We will refer to g as level mapping.

This leads to the following optimization problem.

Problem 2

((KHR) model). Given a temporal graph G, a time interval D, integers R, H, and K, find a node partition with R groups, a K-segmentation, a level mapping \({g}:{\left[ K\right] } \rightarrow {\left[ H\right] }\), and parameters \(\varLambda \) maximizing \({{\ell }\left( \mathcal {P}, \mathcal {T}, g, \varLambda \right) }\).

3 Fast Algorithm for Obtaining Good Model

In this section we will introduce an iterative, fast approach for obtaining a good model. The computational complexity of one iteration is \({{\mathcal {O}}\left( KHm + Rn + R^2H\right) }\), which is linear in both the nodes and edges.

3.1 Iterative Approach

Unfortunately, finding optimal solution for our problem is NP-hard.

Proposition 1

Problem 2 is NP-hard, even for \(H = K = 1\) and \(R = 2\).

Consequently, we resort to a natural heuristic approach, where we optimize certain parameters while keeping the remaining parameters fixed.

figure a

We split the original problem into 3 subproblems as shown in Algorithm 1. First, we find good groups, then update \(\varLambda \), and then optimize segmentation, followed by yet another update of \(\varLambda \).

When initializing, we select groups \(\mathcal {P}\) and parameters \(\varLambda \) randomly, then proceed to find optimal segmentation, followed by optimizing \(\varLambda \).

Next we will explain each step in details.

3.2 Finding Groups

Our first step is to update groups \(\mathcal {P}\) while maintaining the remaining parameters fixed. Unfortunately, finding the optimal solution for this problem is NP-hard.

Proposition 2

Finding optimal partition \(\mathcal {P}\) for fixed \(\varLambda \), \(\mathcal {T}\) and g is NP-hard, even for \(H = K = 1\) and \(R = 2\).

Due to the previous proposition, we perform a simple greedy optimization where each node is individually reassigned to the optimal group while maintaining the remaining nodes fixed.

We should point out that there are more sophisticated approaches, for example based on SDP relaxations, see a survey by Abbe [1]. However, we resort to a simple greedy optimization due to its speed.

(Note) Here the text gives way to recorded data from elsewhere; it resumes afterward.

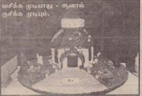
வசிக்க முடியாது - ஆனால் ருசிக்க முடியும்.

தேன் தேடி வந்த தேனிக்களை ஏமாற்றிய பூக்கள் - மடியில் தூக்கி வைத்துக் கொஞ்சத் தூண்டும் முயல் - இப்படிச் சொல்லிக் கொண்டே போகலாம். அத்தனைபும் மாச்சீன், மா, உணவு வண்ணம் என்பவற்றை இணைத்து, நங்களின் எண்ணங்களை உருவாக்கிய மாணவிகளின் கைவண்ணங்களே.
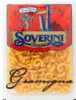
TS61 - GRAMIGNA ALL'UOVO GR 250 EAN 8027547100613
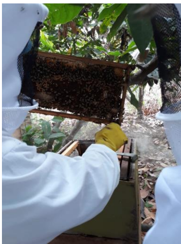
Anexo 25. Muestra para determinar la incidencia de varroa
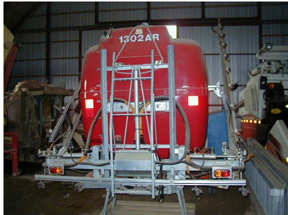
作目：共通 作業：防除、機械使用・管理 目的：作業安全 方法：反射シール付き、ブレーキランプ付き作業機を購入。

A naive implementation of computing the log-likelihood gain for a single node may require \(\varTheta (m)\) steps, which would lead in \(\varTheta (nm)\) time as we need to test every node. Luckily, we can speed-up the computation using the following straightforward proposition.

Proposition 3

Let \(\mathcal {P}\) be the partition of nodes, \(\varLambda \) set of parameters, and \(\mathcal {T}\) and g the segmentation and the level mapping. Let \(\mathcal {S}_h = \left\{ T_k \in \mathcal {T} \mid h = g(k)\right\} \) be the segments using the hth level.

Let u be a node, and let \(P_b\) be the set such that \(u \in P_b\). Select \(P_a\), and let \(\mathcal {P}'\) be the partition where u has been moved from \(P_b\) to \(P_a\). Then

$$ {{\ell }\left( \mathcal {P}', \mathcal {T}, g, \varLambda \right) } - {{\ell }\left( \mathcal {P}, \mathcal {T}, g, \varLambda \right) } = Z + \sum _{h = 1}^H \lambda _{bah} t_h + \sum _{j = 1}^R c_{jh} \log \lambda _{ajh} - {\left| P_j\right| }\lambda _{ajh} t_h, $$

where Z is a constant, not depending on a, \(t_h = {{\varDelta }\left( \mathcal {S}_h\right) }\) is the total duration of the segments using the hth level and \(c_{jh} = {{c}\left( u, P_j, \mathcal {S}_h\right) }\), is the number of edges between u and \(P_j\) in the segments using the hth level.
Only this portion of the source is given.